Creating the right data governance model also becomes an important part of the modernization strategy to make sure that infrastructure agility is not compromised.
- Choosing the data warehouse
Enterprises need to identify whether to use a cloud-based data warehouse or build and maintain an on-premises system during the data warehouse modernization journey. An on-premises data warehouse provides complete control of data and allows enterprises to implement strict data security policies. It can, however, require significant effort on the development front, making scaling a painful exercise, especially when there is a need for higher capacity only for a smaller time.
Cloud-based data warehouses provide immense scalability, are easy to deploy and maintain, and provide enterprises with all the functionalities needed to operate the data warehouses' web APIs.
The data warehouse modernization effort has to ensure that the enterprise turns data into an asset than a liability to maintain your big data systems.
- Building connectivity
Choosing the right data warehouse is one part of the modernization puzzle. Making sure that the data warehouse is connected to distributed data, apps, and disparate data sources is essential for the ROI of modernization initiatives.
Modernization initiatives thus have to leverage the right connectors spanning across the cloud and on-premises to ensure that enterprises can quickly access the data necessary for their data warehouse use cases. Enterprises need to connect the entire data ecosystem such that they can send that data in real-time not only to the data warehouse, but also to any application, microservice, or data store that needs it.
Leveraging modern ETL tools also become important since traditional ETL tools make it hard to build data warehouses and data marts fast. ETL automation, creating the right ETL pipelines and factoring in data regulations and compliance demands become key considerations as well.
- Managing Technical Debt
Enterprises need to ensure that their technical debt is under check during the data warehouse modernization process. Procrastination in data warehouse design and coding defects can lead to huge technical debt if not handled in time. The longer these defects are stacked, the higher the technical debt to manage.
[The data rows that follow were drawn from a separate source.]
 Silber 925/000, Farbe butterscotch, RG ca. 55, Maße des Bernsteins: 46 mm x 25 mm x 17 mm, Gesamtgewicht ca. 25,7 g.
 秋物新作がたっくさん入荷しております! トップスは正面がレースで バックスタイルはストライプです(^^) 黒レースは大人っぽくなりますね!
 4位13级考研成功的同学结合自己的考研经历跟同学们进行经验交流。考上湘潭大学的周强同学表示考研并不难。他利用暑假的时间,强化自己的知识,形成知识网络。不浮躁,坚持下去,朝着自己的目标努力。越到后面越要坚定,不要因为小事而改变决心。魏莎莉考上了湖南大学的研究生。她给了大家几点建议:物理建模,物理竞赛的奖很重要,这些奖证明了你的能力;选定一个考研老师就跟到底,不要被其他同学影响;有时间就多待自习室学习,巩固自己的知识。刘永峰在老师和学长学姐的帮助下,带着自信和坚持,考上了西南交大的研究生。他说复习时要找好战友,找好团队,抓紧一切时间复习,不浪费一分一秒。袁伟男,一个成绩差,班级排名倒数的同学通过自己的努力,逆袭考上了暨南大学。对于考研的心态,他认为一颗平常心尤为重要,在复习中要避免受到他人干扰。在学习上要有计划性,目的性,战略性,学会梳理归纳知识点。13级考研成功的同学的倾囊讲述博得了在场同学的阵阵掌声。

Identifying the interdependent workloads at the data level, determining an effective partitioning strategy either by cluster, columns, distributing by keys, etc., or doing the same using the number of buckets are important for the low technical load.
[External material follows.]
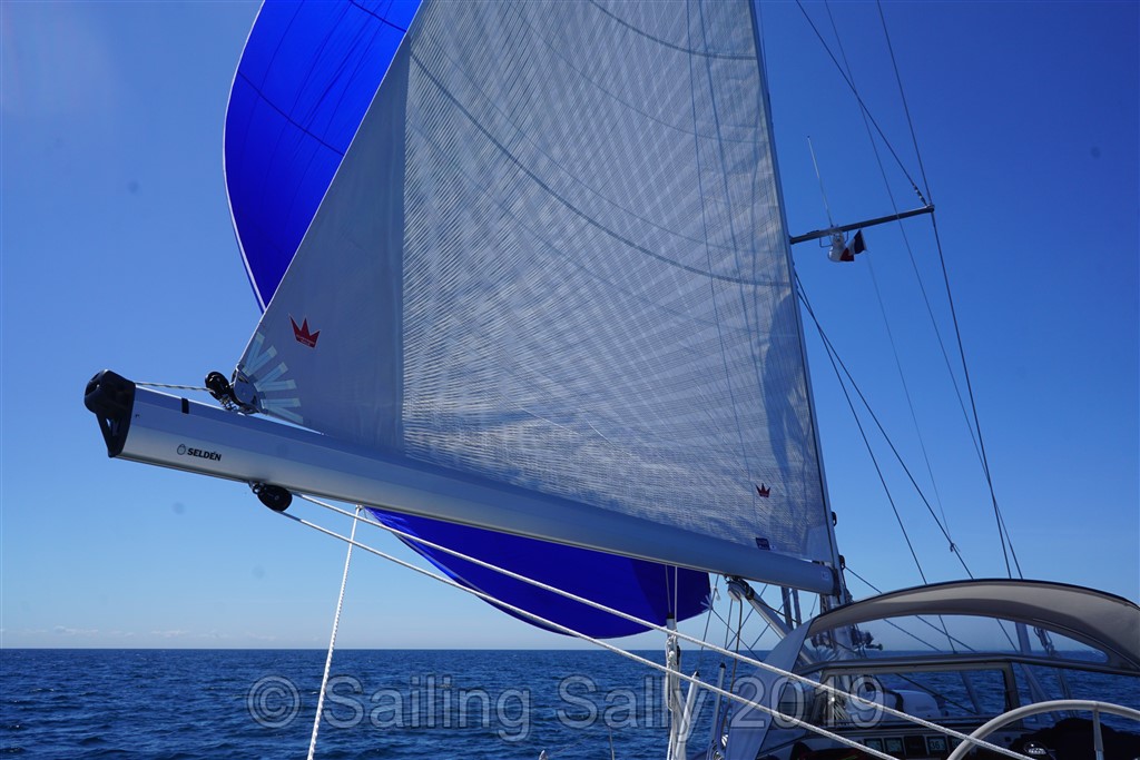 Vi lämnar Boulogne vid 8-tiden. Solen skiner och vi har en lätt medvind på 3 -4 m/s, så vi beslutar att hissa vår nya gennaker för första gången. Vi har aldrig haft ett så stort segel (140kvm) till någon av våra båtar tidigare, så vädret är perfekt nu för oss nybörjare. Allt går hur bra som helst, strumpan åker lätt upp och seglet ut. Lite förenklat så ligger seglet i en lång korv ”strumpan” där man hissar upp den ena änden till toppen på masten. Sen drar man strumpan uppåt och seglet åker ut. När man vill ta ner så drar man ner strumpan över seglet igen och hissar lätt ner ”korven” igen.
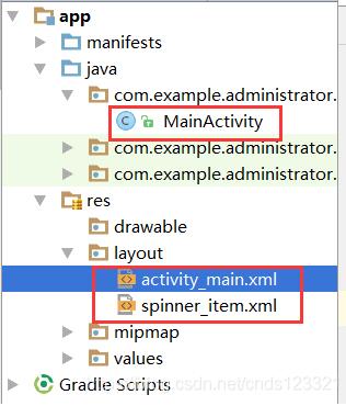在activity_main.xml中布局一个下拉列表框Spinner

Evaluating the nature of the database storage, and verifying how it’s loaded, processed, and analyzed to optimize schema objects and proper end-to-end Metadata Management are important considerations to ensure low technical debt and optimized data warehouse performance.
In Conclusion
Data warehouse modernization is now critical for growth across any enterprise. However, maturity and expertise in ETL tools and systems, database types, and platform-network mix and experience in identifying methods to standardize data along with knowledge in process optimization and automation are important consideration points. Domain knowledge also comes in handy to ensure all regulatory, compliance, and industry norms are adhered to.
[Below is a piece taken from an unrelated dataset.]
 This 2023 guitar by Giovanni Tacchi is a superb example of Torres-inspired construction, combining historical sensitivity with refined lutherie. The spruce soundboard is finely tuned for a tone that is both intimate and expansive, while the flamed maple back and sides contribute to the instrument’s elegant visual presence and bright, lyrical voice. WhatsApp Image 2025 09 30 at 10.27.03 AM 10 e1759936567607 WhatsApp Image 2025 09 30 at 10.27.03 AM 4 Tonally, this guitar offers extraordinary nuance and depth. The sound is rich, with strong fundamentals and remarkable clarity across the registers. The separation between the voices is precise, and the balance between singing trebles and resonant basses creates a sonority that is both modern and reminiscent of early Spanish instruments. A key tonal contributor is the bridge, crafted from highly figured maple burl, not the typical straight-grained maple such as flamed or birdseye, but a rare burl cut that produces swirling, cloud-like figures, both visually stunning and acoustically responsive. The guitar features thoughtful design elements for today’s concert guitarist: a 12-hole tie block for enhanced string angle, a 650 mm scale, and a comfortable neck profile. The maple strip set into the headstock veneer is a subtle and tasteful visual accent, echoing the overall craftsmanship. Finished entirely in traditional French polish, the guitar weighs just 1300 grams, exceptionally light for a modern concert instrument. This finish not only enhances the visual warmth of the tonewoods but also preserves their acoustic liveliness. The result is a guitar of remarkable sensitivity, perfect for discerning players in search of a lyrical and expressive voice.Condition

Modern Data Warehouses are the enablers of the modern enterprise which is powered by immense new opportunities brought by big data. The shift towards modernization, however, must take an agile approach instead of the big bang approach. This is because enterprise needs evolve with time and sometimes differ significantly from the initial requirements. An agile approach allows for a more personalized strategy for data warehouse modernization and accounts for important factors such as vertical, industry, and business requirements, and helps businesses manage their modernizing efforts with greater assurance.